Credentials are required for both push and pull. The bucket is private — there is no anonymous access. Add CF_R2_ACCESS_KEY_ID and CF_R2_SECRET_ACCESS_KEY to .env before running any r2_hub.py command.
Common commands
# Pull latest models (after a fresh clone or on a new server)
python ml/r2_hub.py --pull
# Pull a profile-specific approved revision (recommended for users)
python ml/r2_hub.py --pull --revision vYYYYMMDD-p3
# Push after a retrain (auto-creates tag vYYYYMMDD)
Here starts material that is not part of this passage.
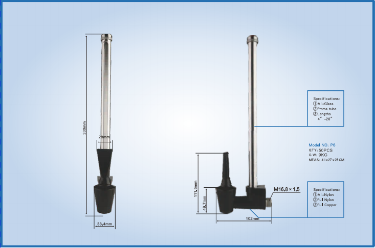 সাইট টিউব, স্পিগট, ওয়াশার এবং বাদাম সবই বিপিএ-মুক্ত উপাদান দিয়ে তৈরি। টিউবের জন্য বাইরের সুরক্ষা হালকা অ্যালুমিনিয়াম দিয়ে তৈরি করা হয়। তারা পুরো পণ্যটিকে একটি শক্তিশালী, টেকসই গঠন এবং পান করার জন্য নিরাপদ করে তোলে।

python ml/r2_hub.py --push
# Push directly from the training script
python train_ml_model.py --ensemble --position --push-to-hub
# List all version tags
python ml/r2_hub.py --list
# Roll back to a specific version
python ml/r2_hub.py --pull --revision v20260414
# Create a named tag without uploading new files
python ml/r2_hub.py --tag-only v15-production "Phase 15 validated"
Storage layout
signal/
ensemble_rf.pkl # latest signal model (Random Forest)
ensemble_rf.onnx
ensemble_xgb.json # XGBoost native format
ensemble_lgb.txt # LightGBM native format
ensemble_scaler.pkl
ensemble_btcusd-live_metadata.json
position/
position_rf.pkl # latest position model
position_rf.onnx
position_xgb.json
position_lgb.txt
position_scaler.pkl
position_metadata.json
model_compat.json # latest compatibility manifest
v20260415/ # versioned snapshot (for rollback)
signal/...
position/...
tags/
v20260415.json # version manifest (metadata + accuracy)
What goes where
| Location | What |
|---|
| Cloudflare R2 | *.pkl, *.onnx, *_xgb.json, *_lgb.txt, model_compat.json |
| Git | All Python code, config.json, training datasets (CSV), metadata JSONs |
| Gitignored | .env, model binaries, models/_snapshot_*/, runtime log files |
Auto-pull on startup
The bot automatically pulls models from R2 at startup if models/ensemble_rf.onnx is missing. This is handled by _ensure_models_present() in trading/bot.py. You don’t need to manually pull after a fresh clone — just start the bot.
Rollback procedure
# 1. Pull a specific version
python ml/r2_hub.py --pull --revision v20260414
# 2. Verify compatibility
python3 -c "
import json
mc = json.load(open('models/model_compat.json'))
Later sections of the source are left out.